Fast and efficient probing of heterogeneous IoT networks

Metongnon, Lionel [UCL] Sadre, Ramin [UCL]

The Internet of Things (IoT) leads to the interconnectivity of a wide range of device types running an equally wide range of operating systems and applications. This heterogeneity of hardware and software poses significant challenges to security. Constrained IoT devices often do not have enough resources to carry the overhead of an intrusion protection system or complex security protocols. Furthermore, they are often not properly managed and updated. Network scans are a valuable tool to discover vulnerable devices. In the context of IoT, the initiator of the scan can be particularly interested in finding constrained devices, assuming that they are easier targets for attacks.
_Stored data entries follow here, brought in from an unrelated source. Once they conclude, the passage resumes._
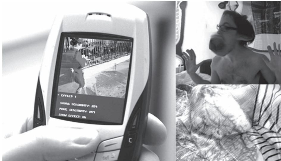
Figure 1. Context photography implemented on a camera phone (left), photographs with visual effects created by sound and motion in the moment of taking pictures.

photograph, than if it had been taken in a quiet setting. Context photography thus differs from Audiophotography (Frohlich et al. 2000) in that sound and movement are visually affecting the appearance of a picture in real time, rather than being associated as an audio or motion clip with the still image.
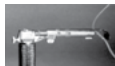
Heat Shrink Connectors
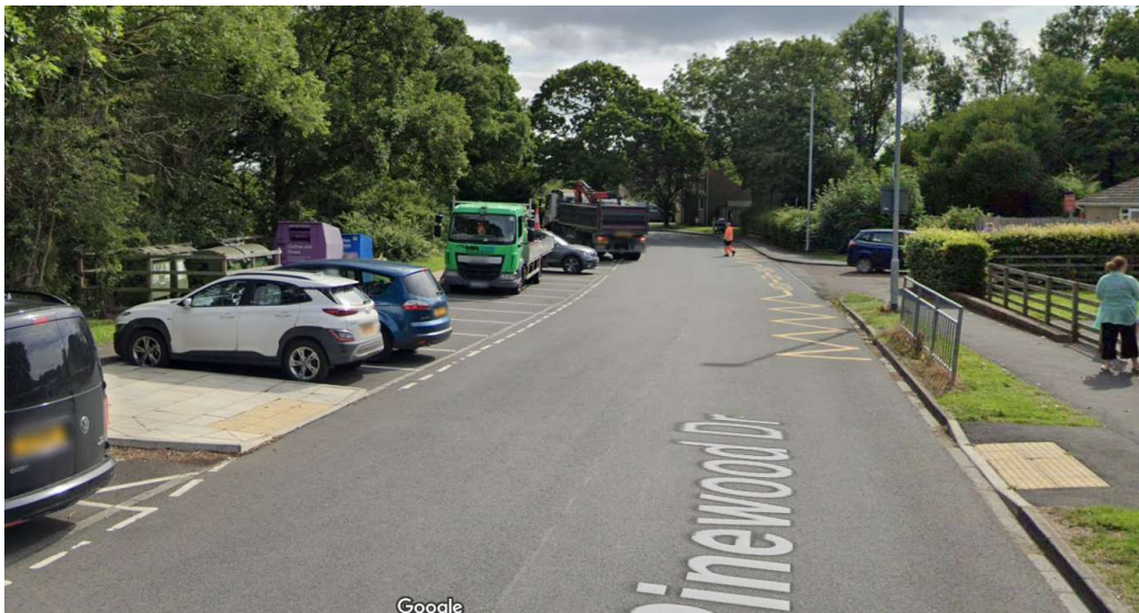
Fig. 1: Existing layout outside Morpeth All Saints Church of England First School

Pinewood Drive is a single carriageway road situated directly outside Morpeth All Saints Church of England First School and includes a school entrance access with informal parking bay arrangements that have been marked adjacent to this. This area is used as a pick-up and drop-off point by parents accessing the school during peak start and end times, with parking restrictions in the form of 'School Keep Clear' zig-zag markings currently in place directly across the school entrance to prohibit dangerous parking on Pinewood Drive.
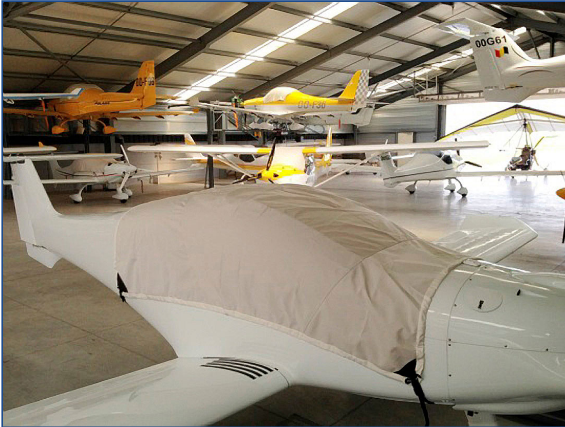
Dynaero MCR Pickup Canopy Cover
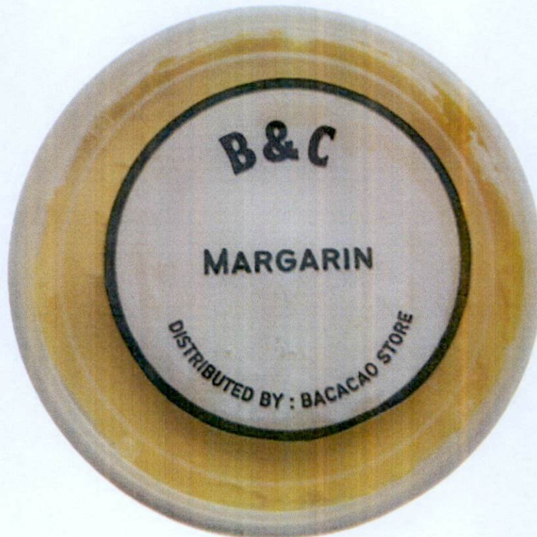
Figure 1. Unregistered B & C Margarin

The Food and Drug Administration (FDA) warns all healthcare professionals and the general public NOT TO PURCHASE AND CONSUME the following unregistered food products:
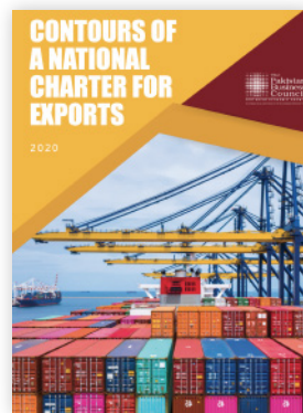
PBC's Contours of a National Charter for Exports
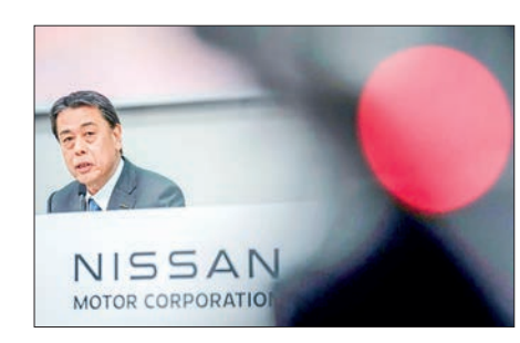
The reported proposal follows the failure of Nissan's merger talks with its rival

ed the credit rating of Nissan to junk, saying the decision "reflects Nissan's weak profitability driven by slowing demand for its ageing model portfolio". — AFP
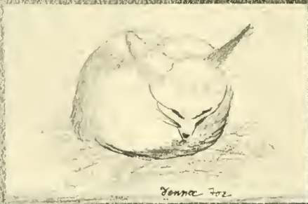
FROM PENCIL DRAWINGS BY CHRISTINA ROSSETTI. Animals in the Zoological Gardens, London, c. 1862.
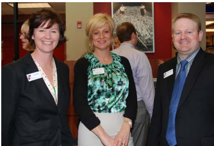
First Clover Leaf Bank, March 17
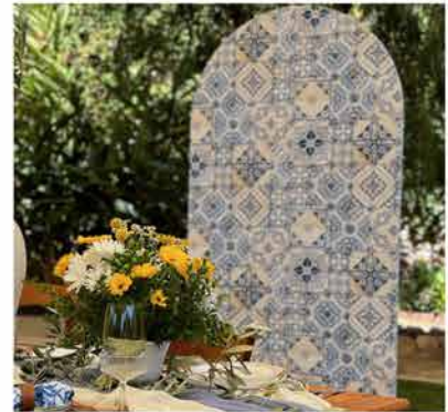
Mediterranean Tile Backdrop $180
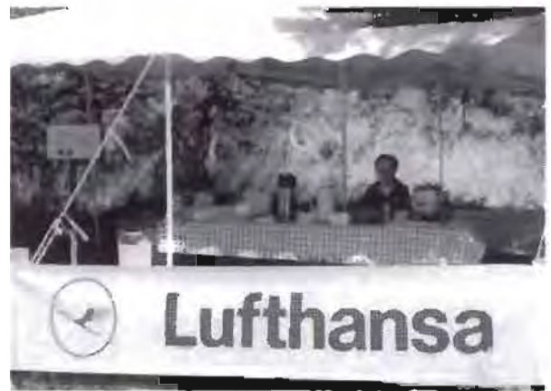
Lufthansa, ICF's official airline, brightened up the hospitality tent where members were able to relax and mingle.

ICF staff thanks all of its members who made possible yet another successful Annual Meeting. ~✿
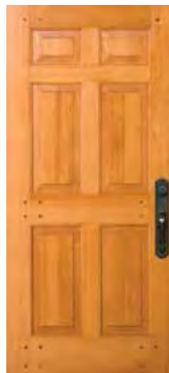
77130 RP Shown in Douglas fir
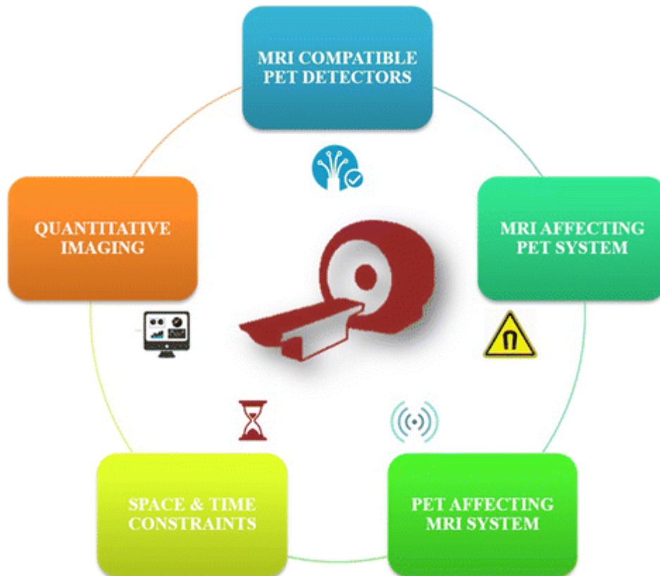
Figure 2. Difficulties in Combining MRI and PET (17)
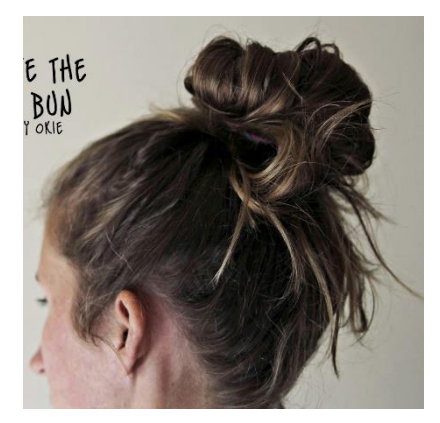
Messy bun - bun pictured Ok, but sides must be slicked back
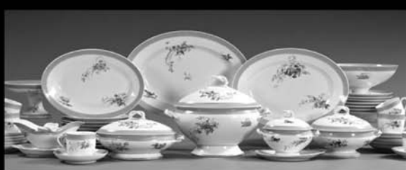
Good Ninety-Two-Piece Set of Haviland and Company Porcelain, third quarter 19th century, Limoges, France
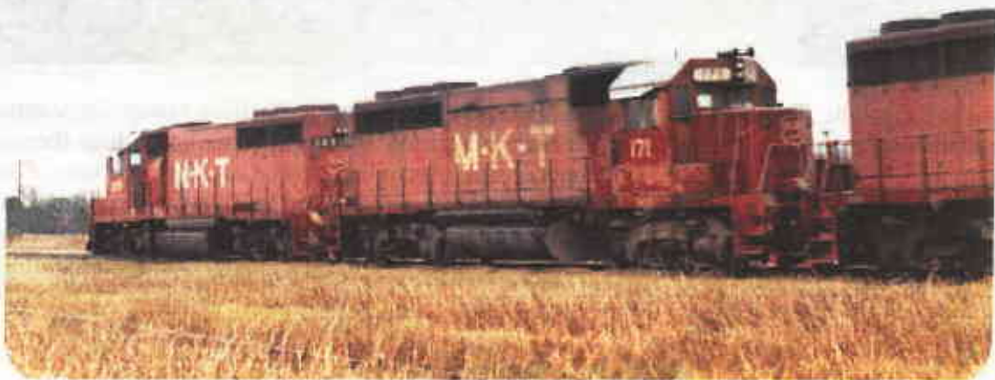
TOP - A wintry day in February 1985 at Union Station in Little Rock, Arkansas shows two Missouri Pacific freights passing, one northbound and one southbound (the one with the red caboose). BOTTOM - Red MKT units (nos. 171 and 203) compass eastbound (toward Houston) through New Ulm, Texas in March of 1974.
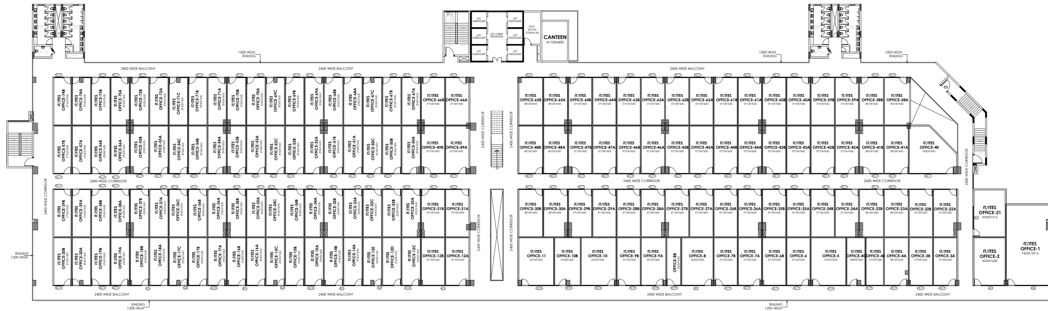
2ND FLOOR PLAN (LVL +11800)
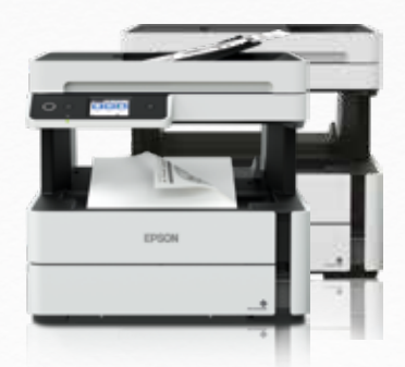
EcoTank ET-M3170 series

Print, copy, scan and fax ET-M3180 features PCL support 6.1cm colour touchscreen 35-sheet automatic document feeder Automatic double-sided printing Epson PrecisionCore Heat-Free technology 250 sheet front-loading paper tray Connectivity: Wi-Fi, Wi-Fi Direct and Ethernet Easy mobile printing 1 year / 100,000 pages warranty<sup>15</sup>
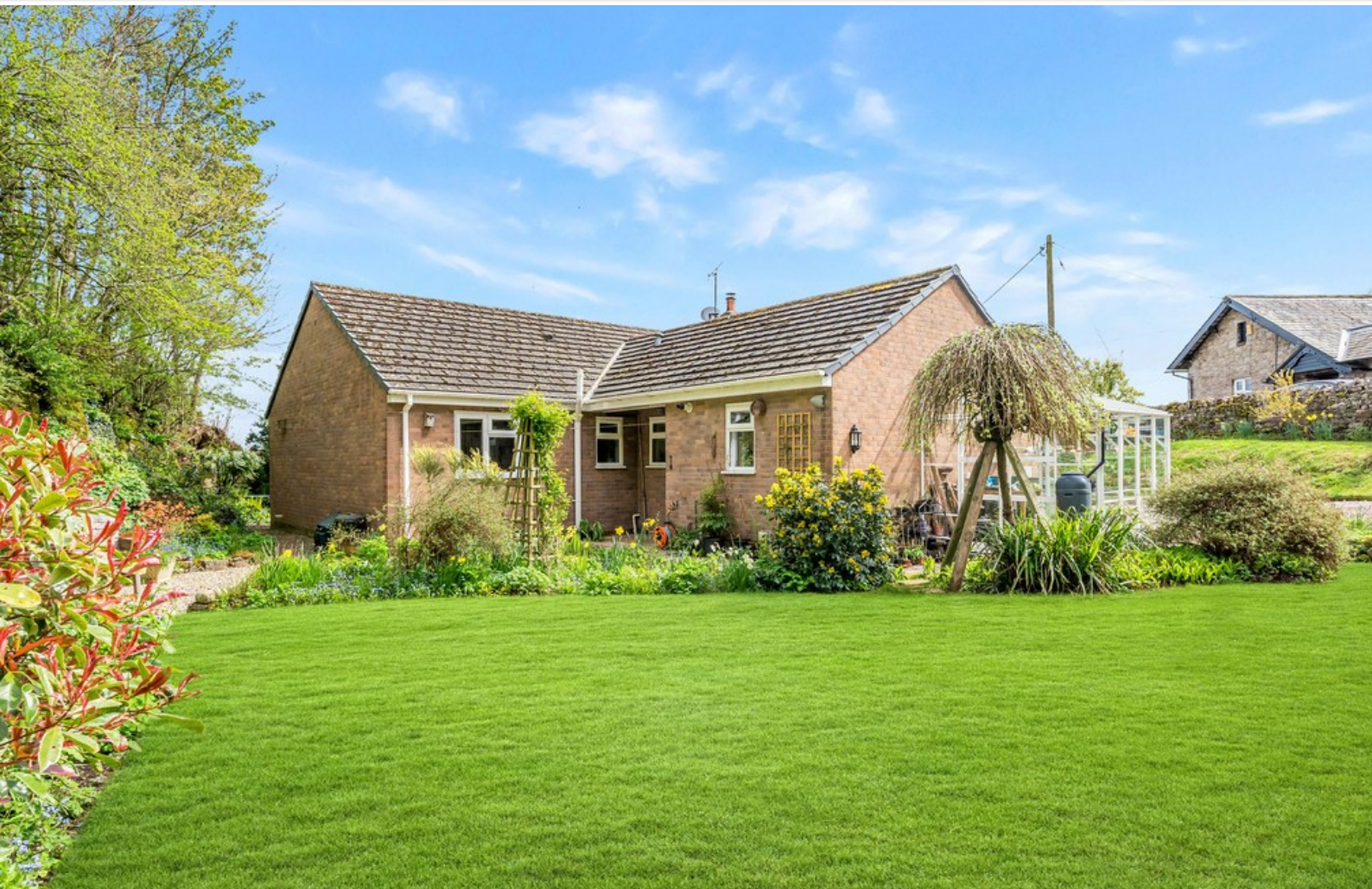
Rear Elevation and Garden
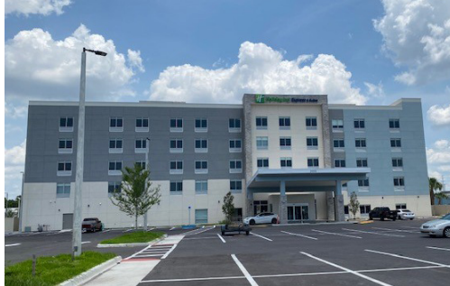
HOLIDAY INN EXPRESS & SUITES
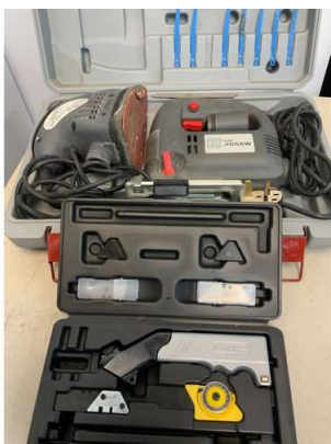
61. M - PRO JIG SAW, SANDER SET & WORK KNIFE
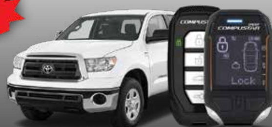
COMPUSTAR Prime 2-Way LCD 15,000-ft Range Starter
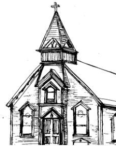
St. Patrick's Church, Moretown
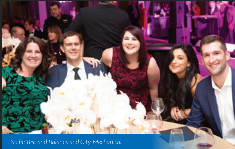
Pacific Test and Balance and City Mechanical
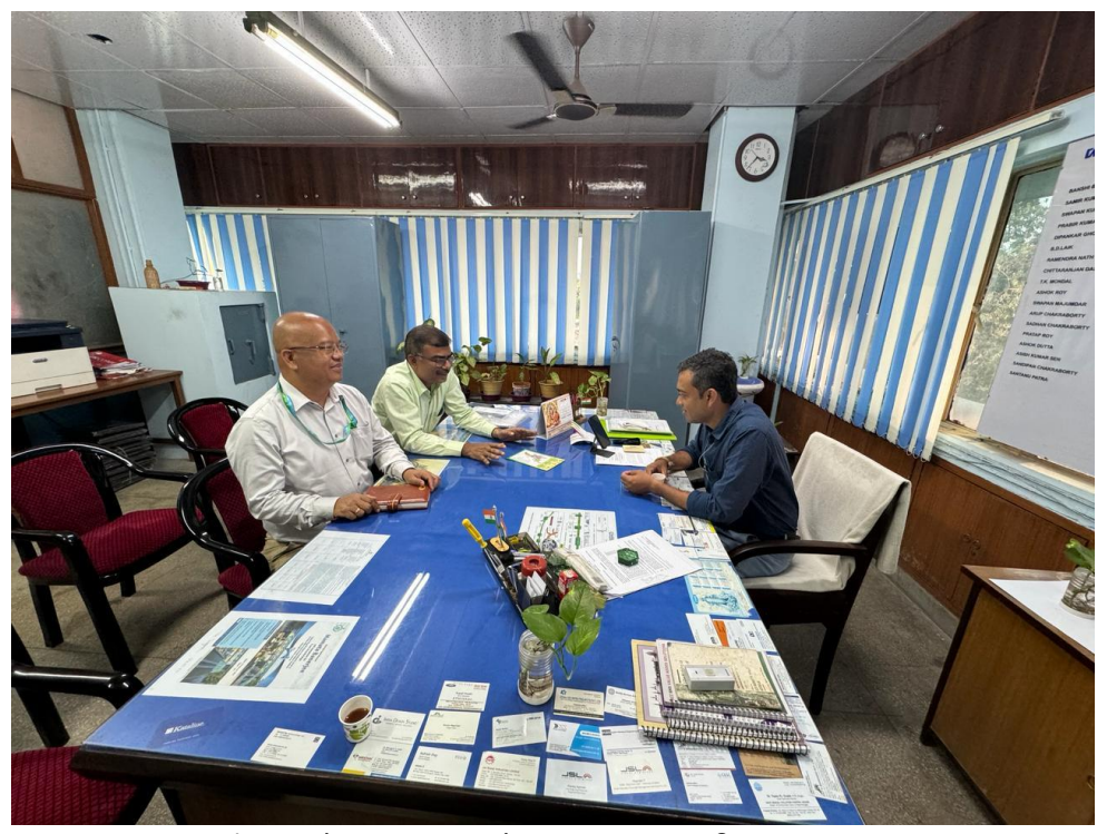
Meeting with Superintending Engineer, R & B sector, KMDA
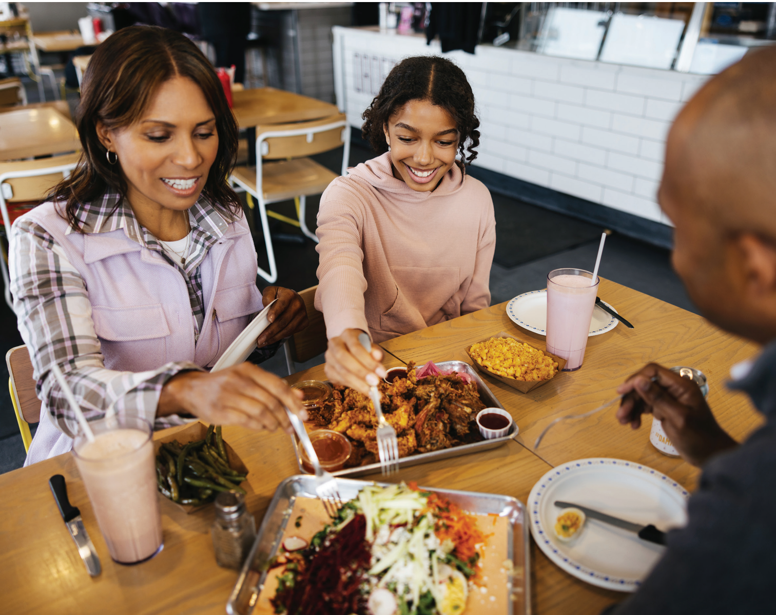
Butchie's, Whitby. Find more great places to eat in the Whitby Food Guide

However, in IoT networks hosting devices of various types, performing a scan with a high discovery rate can be a challenging task, since a scan working well for, eg, a WiFi network might easily overload a low-power network such as IEEE 802.15.4. In this paper, we propose an approach to increase the efficiency of network scans in heterogeneous environments by combining them with active round-trip time measurements. The measurements allow the scanner to differentiate IoT nodes by the used network technology. Using the knowledge gained from this differentiation, our approach adapts the scan strategy to reduce probe losses, and hence the speed and efficiency of the scan. We validate our approach through simulations of a mixed IoT infrastructure consisting of WiFi and multihop IEEE 802.15.4 subnetworks.